Israeli Finance Minister Moshe Kahlon, April 19, 2017.Credit: Ofer Vaknin

In his first official visit to Washington, Finance Minister Moshe Kahlon met with his U.S. counterpart Steven Mnuchin to discuss tax issues and other matters as the Trump administration is seeking big cuts in U.S. rates.

“The Israeli economy is deeply connected to the American economy,” Kahlon said in a statement. “We are closely monitoring the expected tax reform in the U.S. and its impact on the Israeli economy, and if necessary we will make the necessary adjustments.”

The White House has been seeking to cut the U.S. corporate tax rate to 15%, down from the current 35%, although more recently officials have talked about a more modest reduction to 20%. Either way, it would put the U.S. figure well below Israel’s, which dropped to 24% this year and will fall to 23% in 2018.

The two, who scheduled to meet again in September, agreed to form a joint negotiating team to examine the implications of amending the Israel-U.S. double-taxation treaty. The changes aim to adjust the withholding tax rates and improve the tax rights of investors in both countries, remove investment barriers and improve the investment environment in Israel.

Kahlon asked Mnuchin to press the Palestinian Authority to enforce global rules for fighting money laundering and terror finance. For his part, Kahlon said he would urge the International Monetary Fund to complete its audit of the PA’s policies by next year.

On Monday the IMF said the evaluation by its Middle East and North Africa Financial Action Task Force would only be ready in 2020.

Resolving the issue of money laundering and terror finance is critical because Israeli banks could risk U.S. sanctions if they work with Palestinian institutions.

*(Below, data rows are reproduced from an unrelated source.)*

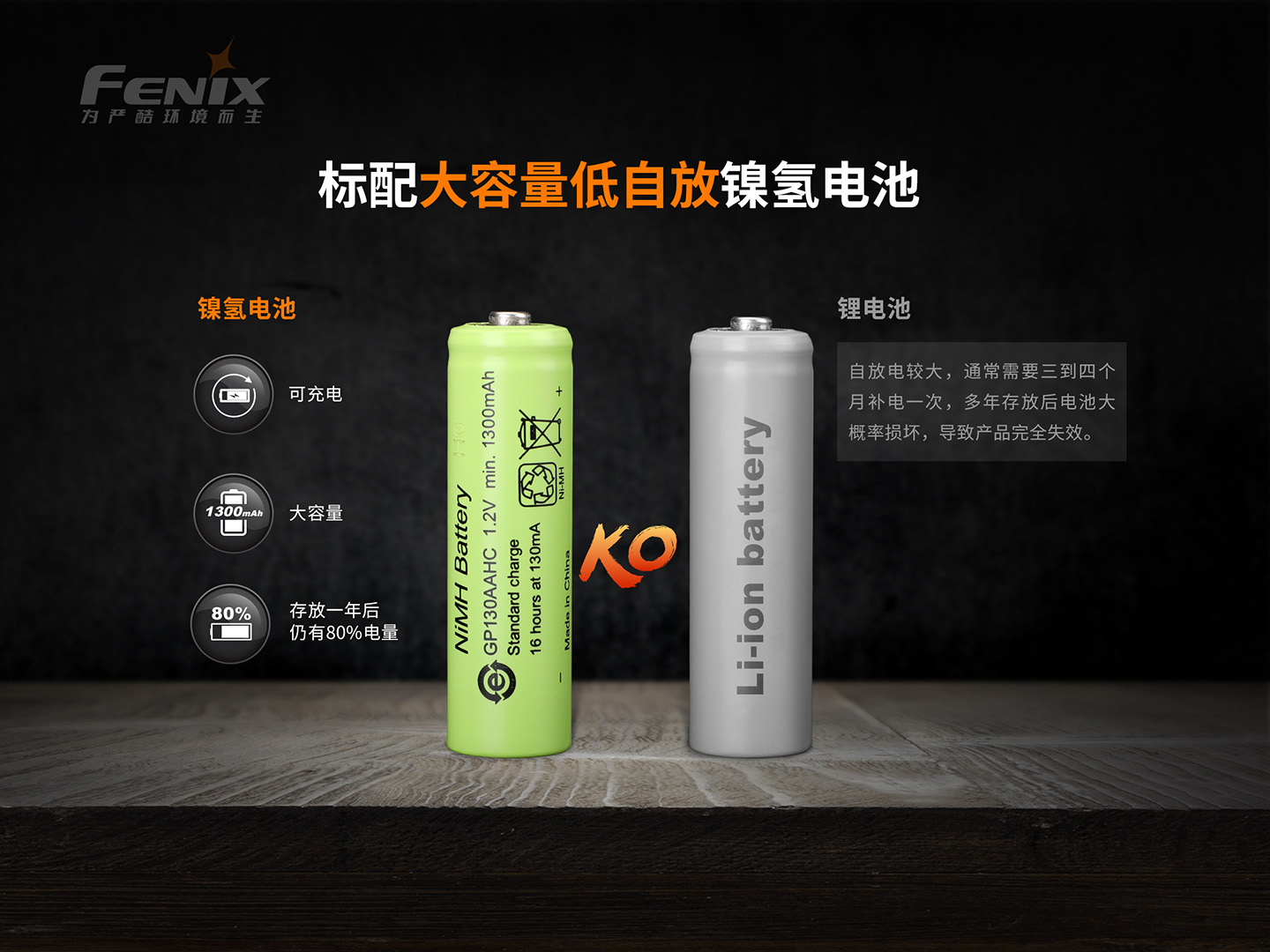 標(biāo)配1節(jié)1300mAh的低自放電AA鎳氫充電電池,兼容其他AA電池。
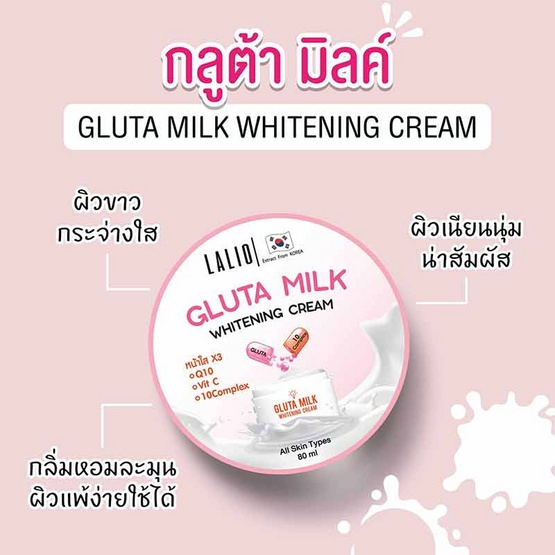 LALIO ครีมบำรุงผิวหน้า GLUTA MILK WHITENING CREAM 80 มล. 1 ชิ้น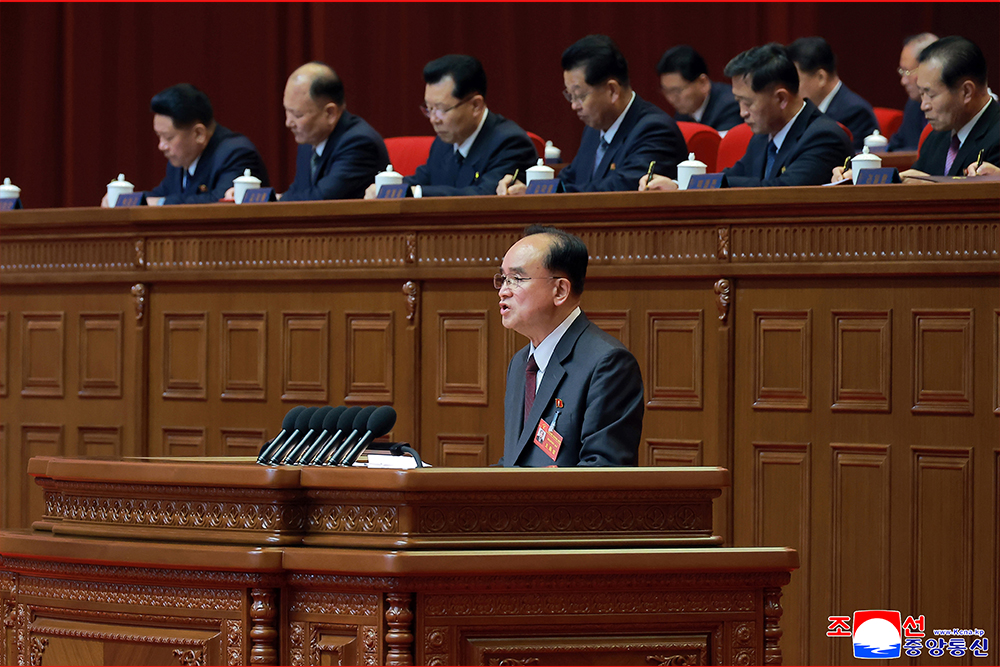 Kim Jong Un, Jo Yong Won made a report to the congress on the decision of the First Plenary Meeting of the Ninth Central Committee of the WPK held earlier.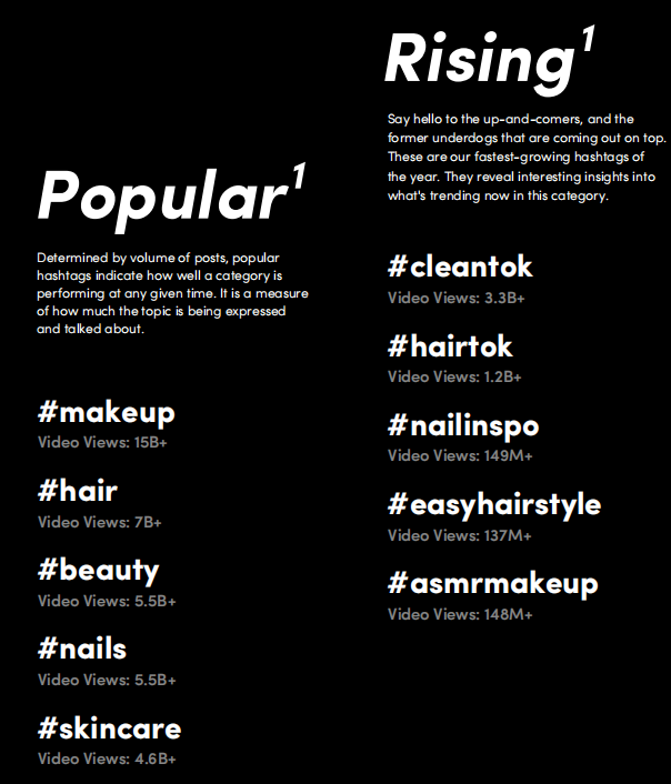 较受欢迎的话题包括用户喜欢的文章、发型教程和产品评论。护发作为主角独得宠爱。同时,护发不仅仅限于美容秘诀,而且我们也看到了很多实验性内容,激励着TikTok用户做真实的自己,并释放创造力。除了护发,指甲护理和香水这两大品类也很受欢迎。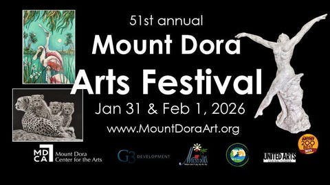 Join us on Jan 31 & Feb 1, 2026 for the 51st annual Mount Dora Arts Festival held on the streets of historic downtown Mount Dora, Florida. Experience 300 fine artists lined along the streets to showcase a vast array of incredible talent in this juried event. There will be entertainment, beer, wine, cocktails, music and festival food to round out the amazing weekend. The event runs 9am-5pm on Saturday and 9am-4pm on Sunday and is FREE to attend.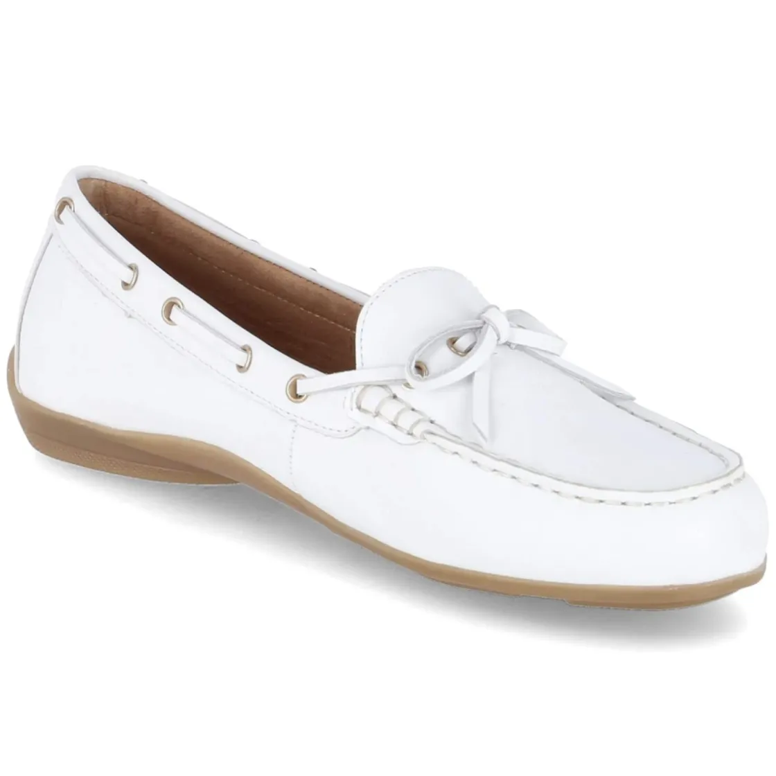 Gabor Mokassins in klassischem Weiß verbinden zeitlose Eleganz mit durchdachtem Komfort. Das hochwertige Glattleder zeigt eine feine Narbung und überzeugt als langlebiges Echtleder, während die rund zulaufende Spitze dem Damenmodell eine sanfte Linienführung gibt. Ohne Verschluss gestaltet sich der Einstieg unkompliziert, unterstützt von der zierenden, umlaufenden Schnürung und der charakteristischen Wulstnaht, die den Mokassin-Look akzentuiert. Ein hautfreundliches Lederfutter und die gepolsterte Lederdecksohle sorgen für ein angenehmes Fußklima, der verstärkte Fersenbereich für Formstabilität. Die flexible, rutschhemmende Laufsohle mit leichtem Profil gibt Halt auf glatten Böden. Das Modell für Erwachsene fällt normal aus und begleitet souverän Business- und Freizeit-Outfits. Modetipp: Zu weißem Glattleder harmonieren Leinentöne und sanfte Pastells; etwa zu einer cremefarbenen Culotte und einer seidig schimmernden Bluse.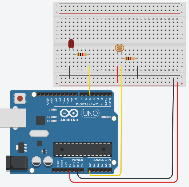 void setup() { pinMode(A0, INPUT); pinMode(5, OUTPUT); } void loop() { int bright = map(analogRead(A0),0,1023,0,255); analogWrite(5,bright); delay(100); }Q. 감지되는 빛의 양이 일정 수준이상 넘어가면 자동으로 꺼지는 기능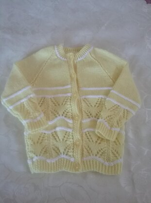 Lemon lace cardigan, age 3-4 years, 24" chest Knitted in stylecraft special dk but other dk yarns can be used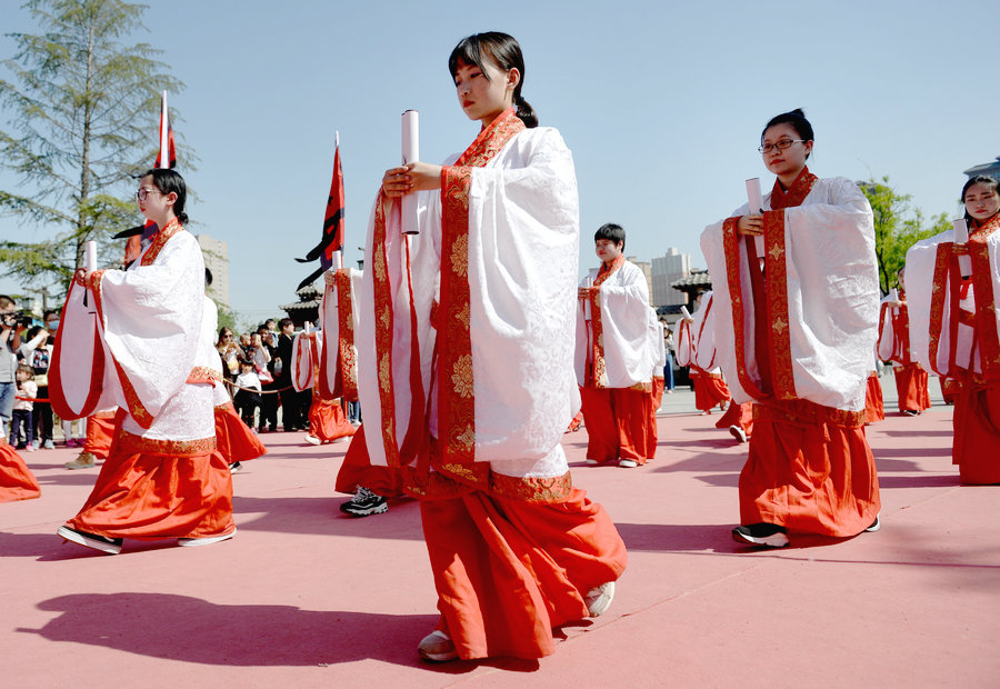 At the ceremony, these hanfu buffs performed a series of rites according to the ancient customs, symbolizing they are to embark on a new journey in life.

The two also agreed to form two joint committees. One will examine the Trump White House drive now to trim regulations via its “one in, two out” policy of eliminating two regulations for every new one introduced.

Another will look into public-private partnerships for developing infrastructure, a policy both countries are pursing as they try to catch up on years of underinvestment in roads and other facilities.